We both grabbed a broom and a dustbin and walked out into the lobby.
“Please tell me you’re not doing that thing.”
“What thing?”
“That ’90s rom-com thing where you strike up a friendship for ulterior motives, which eventually blossoms into a real relationship, and then it all falls apart in the third act when the other person discovers the aforementioned ulterior motives.”
“Don’t be ridiculous” I said. We started making the rounds of the theaters, sweeping up popcorn that last night’s cleanup crew may have missed. “I was completely up-front with her about my motives for friendship. But I could use some help in determining a way to trick her into agreeing to an interview.”
Pete was a few rows up from me in the otherwise empty theater, sweeping calmly. “Still?”
“Yeah. Get this: they are breaking up. But they’re delaying their misery by staying together until the end of the summer.”
Pete stopped sweeping and looked at me, furrowing his brow.

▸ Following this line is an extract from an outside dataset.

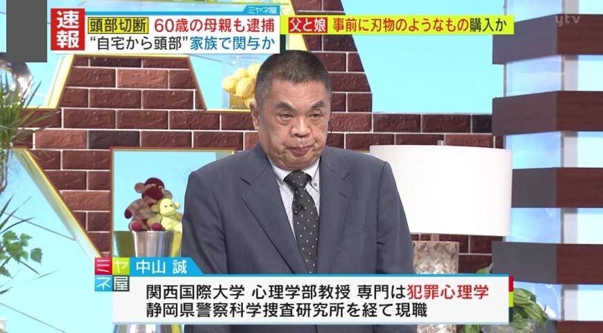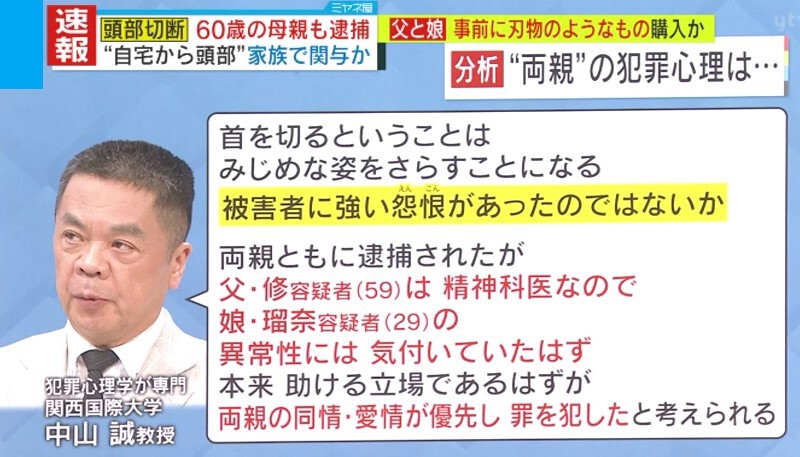 遺体の頭部を持ち帰ったことの心理として、中山氏は「首を切るということは、みじめな姿をさらすことになる。被害者に強い怨恨があったのではないか。両親ともに逮捕されたが、父・修容疑者は精神科医なので、娘・瑠奈容疑者の異常性には気付いていたはず。本来、助ける立場であるはずが、両親の同情・愛情が優先し、罪を犯したと考えられる」と分析しています。

I waited for him to say it was a ballsy move on their part, a bold acceptance of how all good things eventually end, they were living in the avant-garde of romance!
“Weird,” Pete said, going back to sweeping. “So she changed her mind about letting you interview them, then?”

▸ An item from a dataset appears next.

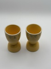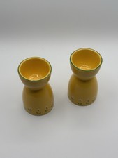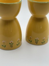 Teleflora Ceramic Egg Cup Set of 2 Yellow Floral Design Vintage 1985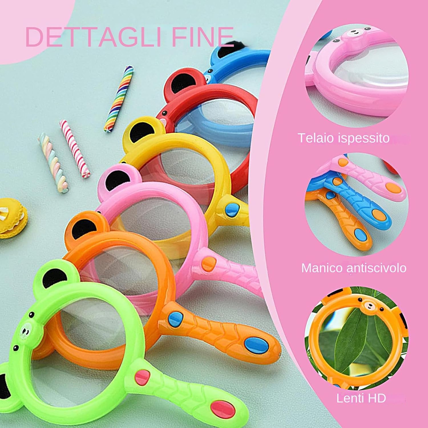 Sicurezza Integrata: Strumento investigativo per bambini con tecnologia anti-urto e superficie arrotondata completa, offre funzionalità ibride indoor-outdoor mantenendo dimensioni ridotte e peso minimo per un controllo intuitivo da parte dei piccoli utenti Compagno di scoperta: Strumento duale per indagini naturalistiche e supporto alla lettura. Aiuta a coltivare metodo scientifico e concentrazione attraverso l'esame di particolari testuali e elementi ambientali, trasformando ogni esperienza in occasione formativa. Selezione Accattivante: Miscela di intense e scelte imprevedibili trasforma l'unboxing in un rituale magico, aggiungendo entusiasmo a compiti educativi come osservare insetti o analizzare foglie con lenti infrangibili Grip Antiscivolo: La particolare texture sul manico curvo assicura una presa sicura anche con le manine sudaticce, per esaminare conchiglie, insetti o campioni naturali durante attività scientifiche all'aperto Gioco che stimola la scoperta: La forma amichevole 'orso trasforma la lente d'ingrandimento in un alleato 'immaginazione. Promuove il pensiero critico attraverso l'osservazione guidata, permettendo ai bambini di sviluppare autonomamente nuove teorie sul funzionamento del mondo che li circonda.

“Well, no. She gets sad if she thinks about the breakup, so she didn’t want to dwell. But I think she might feel differently if I asked her this morning. We, like, bonded last night.”
“Hmm,” Pete went. I took that as a sign that his mental cogs and wheels or whatever a brain is made up of were starting to churn. We cleaned six more theaters without saying another word. Except every time Pete made a little noise I assumed he was about to drop some wisdom and I’d perk my ears up like a cat.